At Sylvester Space, Sheffield’s newest exhibition facility housed in a former disused cutlery works within the city’s Cultural Industry Quarter, you will find one of the most tangible works in Sheffield 08. Private War by Kerstin Kartscher is an installation that juxtaposes a rural idyll with drawings of modernist towers via a pleasing assemblage of found objects, a canvas tent, old tiles and a washstand.

The piece and accompanying video work by Gitte Villensen, Katy Woods and Frances Stark, makes for a contemplative journey through stillness, memory and anticipation. Villensen’s accompanying vitrines are strangely compelling, crammed as they are with crumbling documents and model trees, like a kind of sanitised Joseph Beuys.

Wolfgang Tillmans' ‘Morrisey, Studio’ at The Millennium Galleries. Photo © Richard Moss / 24 Hour Museum

a photo of a man lying on the floor in a studio

The biggest cluster of art in Sheffield 08 is at the Millennium Galleries, where you can find light relief in the videos of the interventionist antics of Taiwanese artist Kuang-Yu Tsui as he makes a slapstick rush through a city, changing costumes according to the surroundings. Tim Etchells and Vlatka Horvat’s film, Promises and Threats, sees the duo trade insults and praise; when they have exhausted the praise, they start in with the insults.

There is also another Turner Prize winner in the city in the shape of Wolfgang Tillmans, whose raw portraits seem to evoke the quality of a bad hangover. In ‘Morrisey, Studio’, he makes Morrisey look tired, uncomfortable and bloated - like a dyspeptic concierge at a 1950s Odeon cinema.

The work of another Turner nominee, Phil Collins, is also here with his synchronised two-screen videos of young Palestinians dancing. It’s a voyeuristic and joyful piece of work – or could that be the thrill of hearing Human League and Beyonce blasting out in a darkened soundproof room? The piece is, however, suffused with the tragedy of young people living in the midst of violent conflict, so some viewers will have an ambiguous experience.

a photo of poster on a brick wall

Photo © Richard Moss / 24 Hour Museum

Andrew Cooke’s offering is a series of printed sheets – free to be taken away – which offer advice on maintaining dignity in the workplace through strategies such as procedural sabotage, theft, absenteeism and the withholding of enthusiasm. It’s nice to see an artist engaging in practical advice for the rest of us trapped in the modern workaday routine. He takes it a bit far, though, when he turns his head into a vacuum cleaner. A fag break or a trip to the canteen would probably make for a better strategy.
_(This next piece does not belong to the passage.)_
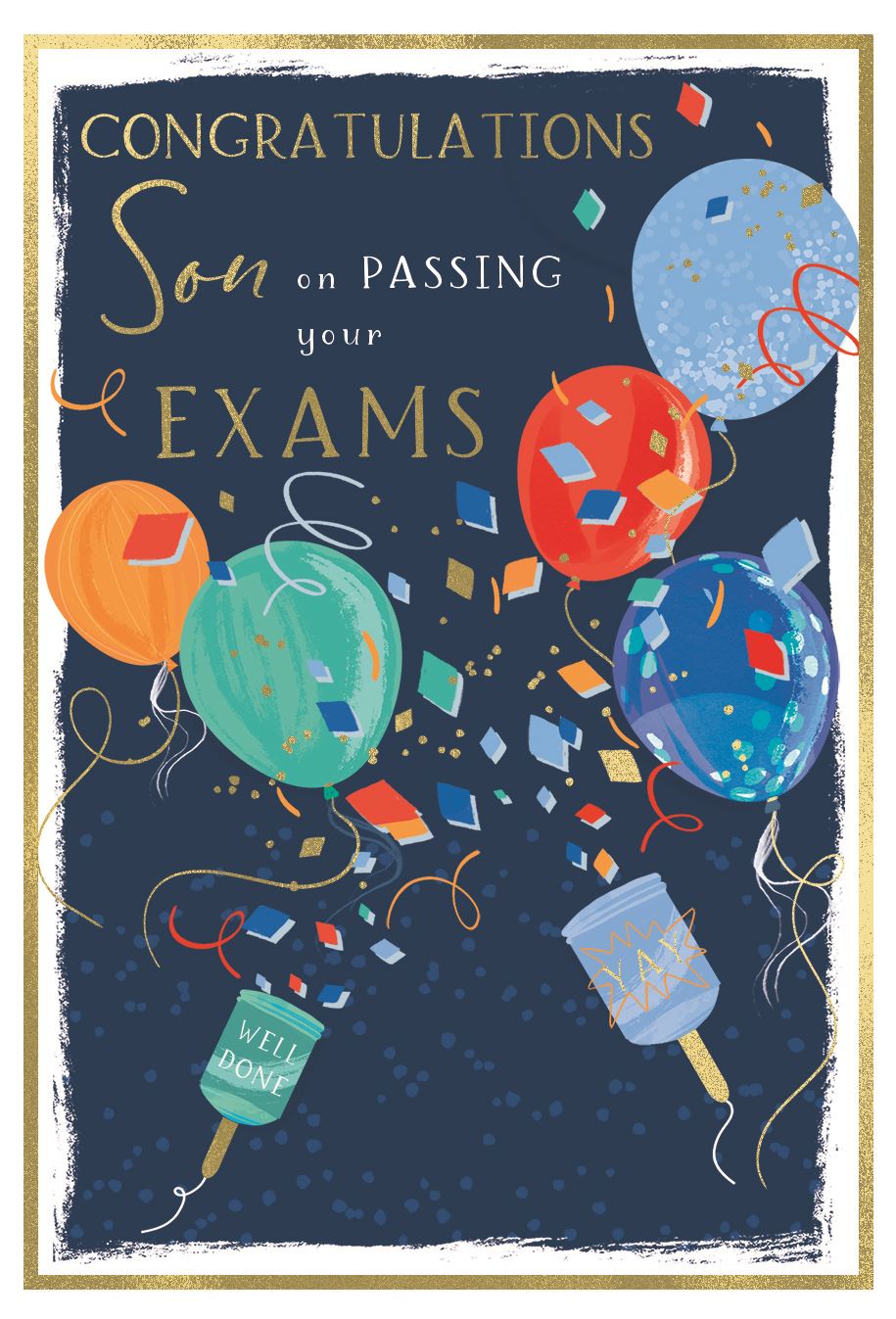 Congratulations Son - On passing your Exams - Party Poppers - Balloons

But this is the kind of bold and brazen art actively embraced by Sheffield 08 of which there is much more: End Gallery out at Sheffield Hallam University also hosts the work of Ines Schaber and others. Schaber takes the premise of failure to interesting places with a set of photographs and film of a slide presentation about the secret underground Corbis photographic library in rural America.
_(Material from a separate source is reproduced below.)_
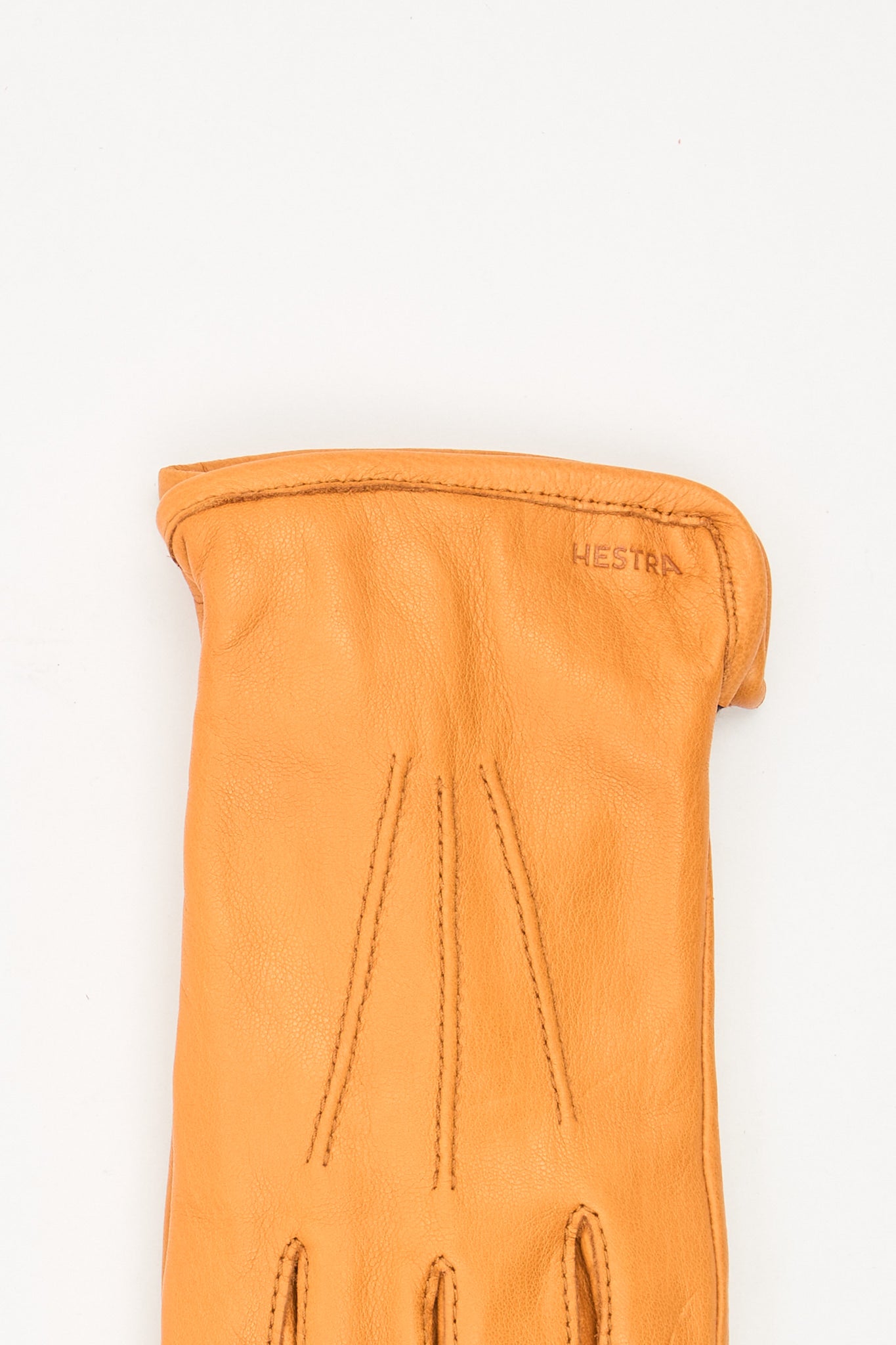 A warm, comfortable leather glove in a timeless men’s design. Cut from one piece of deerskin, a supple, insulating leather with a beautiful grain.

Yes, No, other Options* seems to be exploring the kind of postmodern schism that has been explored often in contemporary art. It’s the kind of burn out that in some cases reduces painting to the point where it is merely a black square, although the absence of painting is perhaps an indicator of the bravado that underpins the ethos of the festival.

The art in Sheffield 08 is bold and brave and although varied it manages to keep to a strong curatorial theme - and it offers the chance to discover some major contemporary artists spread across a vibrant city scene.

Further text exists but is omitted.